Take every record and write it out again exactly, with no images included.

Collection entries

Content starts

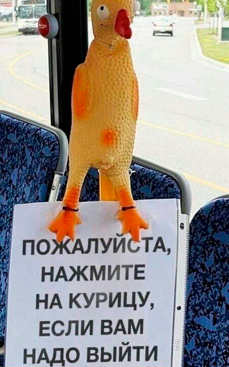 Вообще, находка гениальная, считает Гена Крокодил, для случая, когда звонок сломался. Другое дело, что от внезапного вопля этой курицы у кого-нибудь из пассажиров может сердечко прихватить, но это уже издержки.
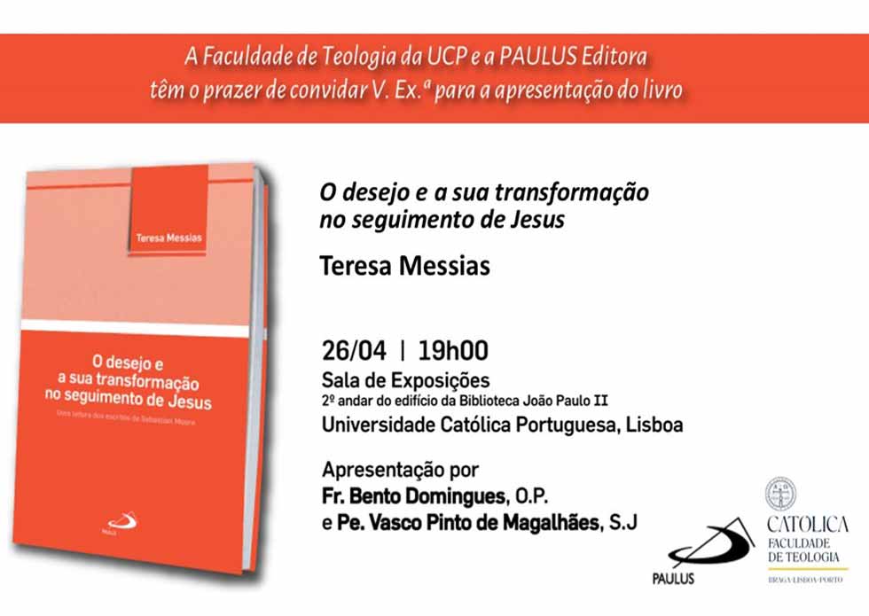 Lisboa, 19 abr 2017 (Ecclesia) – Com o título «O desejo e a sua transformação no seguimento de Jesus» vai ser lançado, a 26 deste mês, na Universidade Católica Portuguesa, em Lisboa, o livro de Teresa Messias.
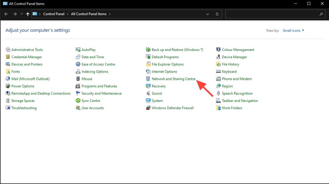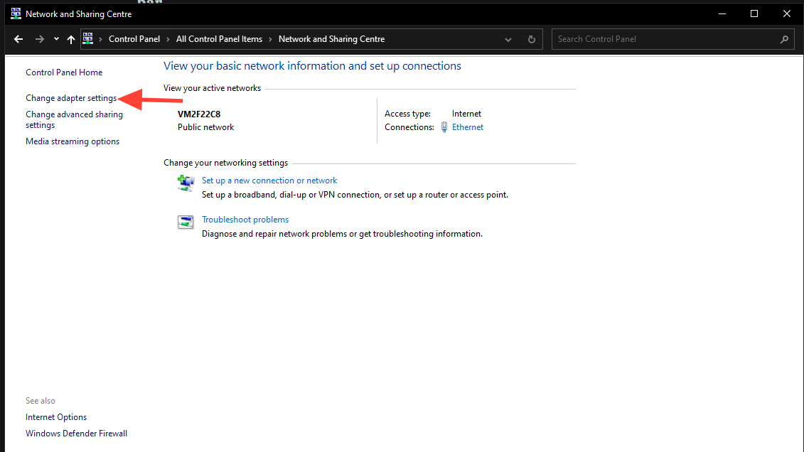 - Click on "Network and Internet" > "Network and Sharing Centre" > "Change adapter settings."
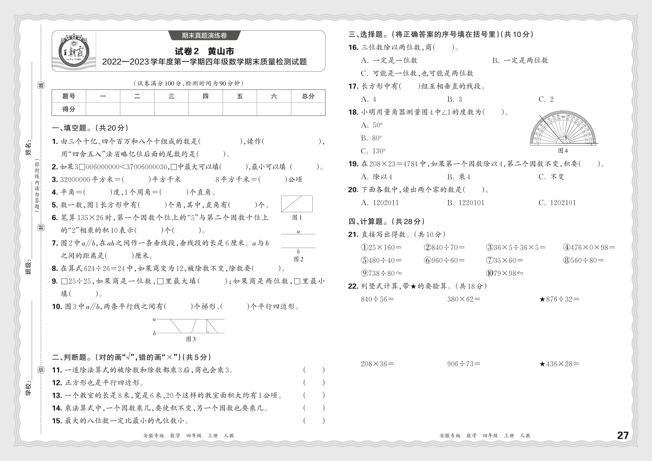 安徽省黄山市2022—2023学年度第一学期四年级数学期末质量检测试题(人教版)【2】
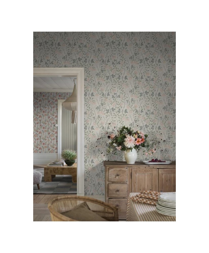 Šie žavūs Trädgårdsfröjd tapetai vaizduoja abrikosų rožines ir baltas gėles su žaliais lapais švelniame smėlio spalvos fone. Romantiškas dizainas įkvėptas vešlaus dizainerės Noros Tysklind sodo Dalarnoje, Švedijoje, kuriame gėlės laisvai žydi ir persipina viena su kita.
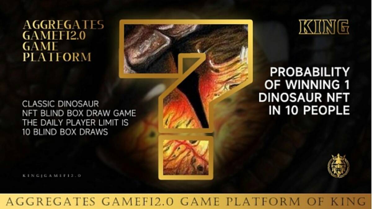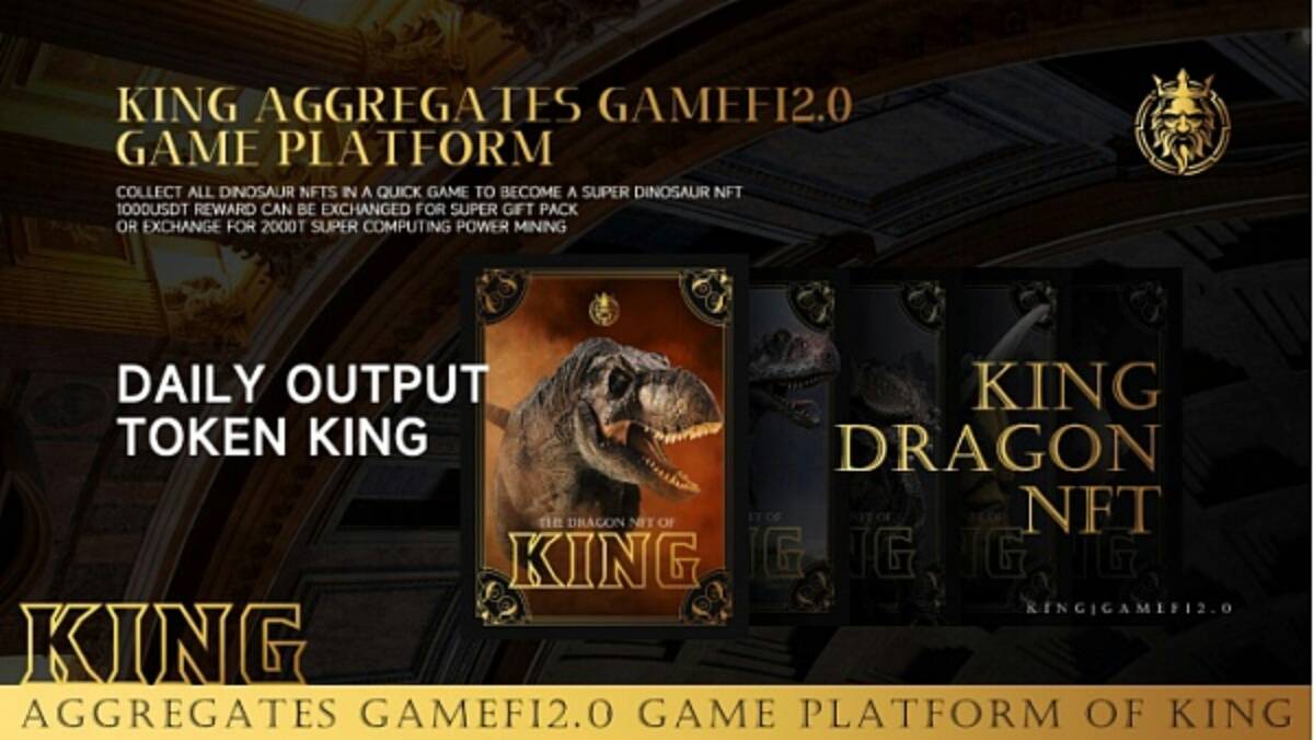 基于BSC币安智能链开发,KING链游聚合平台总发行2100万枚King通证。玩家首先需购买入场券,不同入场券对应不同收益额的上限。使用入场券开启恐龙NFT盲盒,开中恐龙盲盒即可获得一张恐龙NFT,集齐10个恐龙NFT可兑换一张超级恐龙NFT;开不中恐龙盲盒,退回拆盲盒使用的门票本金,并且获得本金1%的奖赏。超级恐龙NFT可直接兑换超级礼包(1000USDT)或者兑换2000T超级算力挖矿。

Content ends

Reply to the exercise:
 Вообще, находка гениальная, считает Гена Крокодил, для случая, когда звонок сломался. Другое дело, что от внезапного вопля этой курицы у кого-нибудь из пассажиров может сердечко прихватить, но это уже издержки.
 Lisboa, 19 abr 2017 (Ecclesia) – Com o título «O desejo e a sua transformação no seguimento de Jesus» vai ser lançado, a 26 deste mês, na Universidade Católica Portuguesa, em Lisboa, o livro de Teresa Messias.
 - Click on "Network and Internet" > "Network and Sharing Centre" > "Change adapter settings."
 安徽省黄山市2022—2023学年度第一学期四年级数学期末质量检测试题(人教版)【2】
 Šie žavūs Trädgårdsfröjd tapetai vaizduoja abrikosų rožines ir baltas gėles su žaliais lapais švelniame smėlio spalvos fone. Romantiškas dizainas įkvėptas vešlaus dizainerės Noros Tysklind sodo Dalarnoje, Švedijoje, kuriame gėlės laisvai žydi ir persipina viena su kita.
 基于BSC币安智能链开发,KING链游聚合平台总发行2100万枚King通证。玩家首先需购买入场券,不同入场券对应不同收益额的上限。使用入场券开启恐龙NFT盲盒,开中恐龙盲盒即可获得一张恐龙NFT,集齐10个恐龙NFT可兑换一张超级恐龙NFT;开不中恐龙盲盒,退回拆盲盒使用的门票本金,并且获得本金1%的奖赏。超级恐龙NFT可直接兑换超级礼包(1000USDT)或者兑换2000T超级算力挖矿。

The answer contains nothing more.